- _Exercise details_
Exactly the lines from the start of the entries through the line with "Revitalize your wardrobe" are required in the output, with no pictures among them.

Data for review START

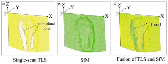Different types of point cloud data. (a) Single scan TLS point cloud; (b) SfM point cloud; (c) Fused data of Single scan TLS and SfM.
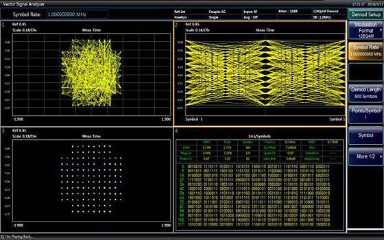 Обеспечение гибких функций демодуляции множества сигналов цифровой модуляции с одной несущей. Он может предоставлять векторные диаграммы, диаграммы созвездий, диаграммы глаз, диаграммы спектра и т.д. Для анализа характеристик сигнала модуляции.
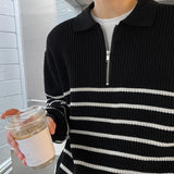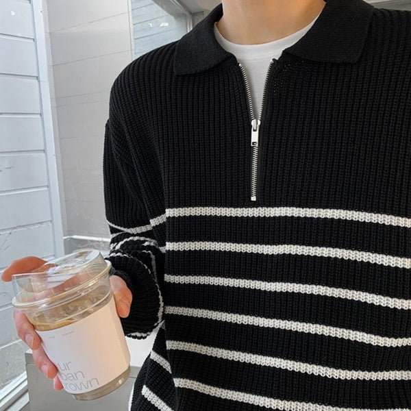 Revitalize your wardrobe with our "KNITTED" Black Striped Half-Zip Sweater.
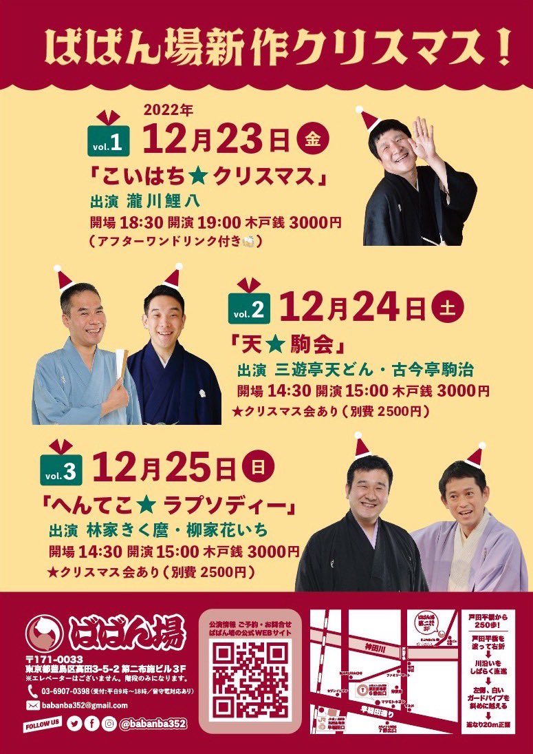 12/25(日)新作クリスマス!vol.3「へんてこラプソディーINクリスマス」14:30開場/15:00開演木戸銭3,000円[出演]林家きく麿柳家花いち★クリスマスパーティー有り(別会費2500円..
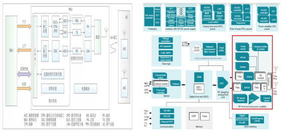 左圖為RRU的原理框圖,右圖為某全球領(lǐng)先的半導(dǎo)體公司的RRU解決方案
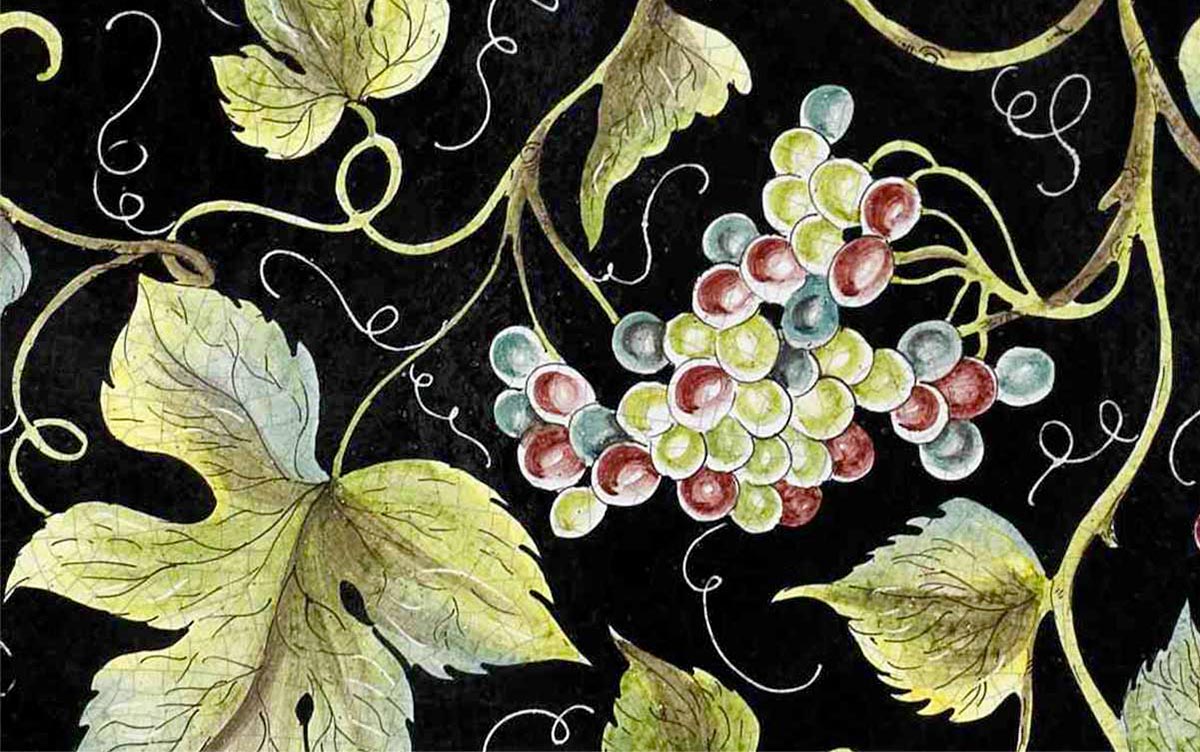 Wonderful vine shoots with colorful grape clusters stand out against a dark background. The overall effect is cheerful yet soft and delicate, creating a striking impression.

Data for review END

- _Answer to the exercise_
Different types of point cloud data. (a) Single scan TLS point cloud; (b) SfM point cloud; (c) Fused data of Single scan TLS and SfM.
 Обеспечение гибких функций демодуляции множества сигналов цифровой модуляции с одной несущей. Он может предоставлять векторные диаграммы, диаграммы созвездий, диаграммы глаз, диаграммы спектра и т.д. Для анализа характеристик сигнала модуляции.
 Revitalize your wardrobe with our "KNITTED" Black Striped Half-Zip Sweater.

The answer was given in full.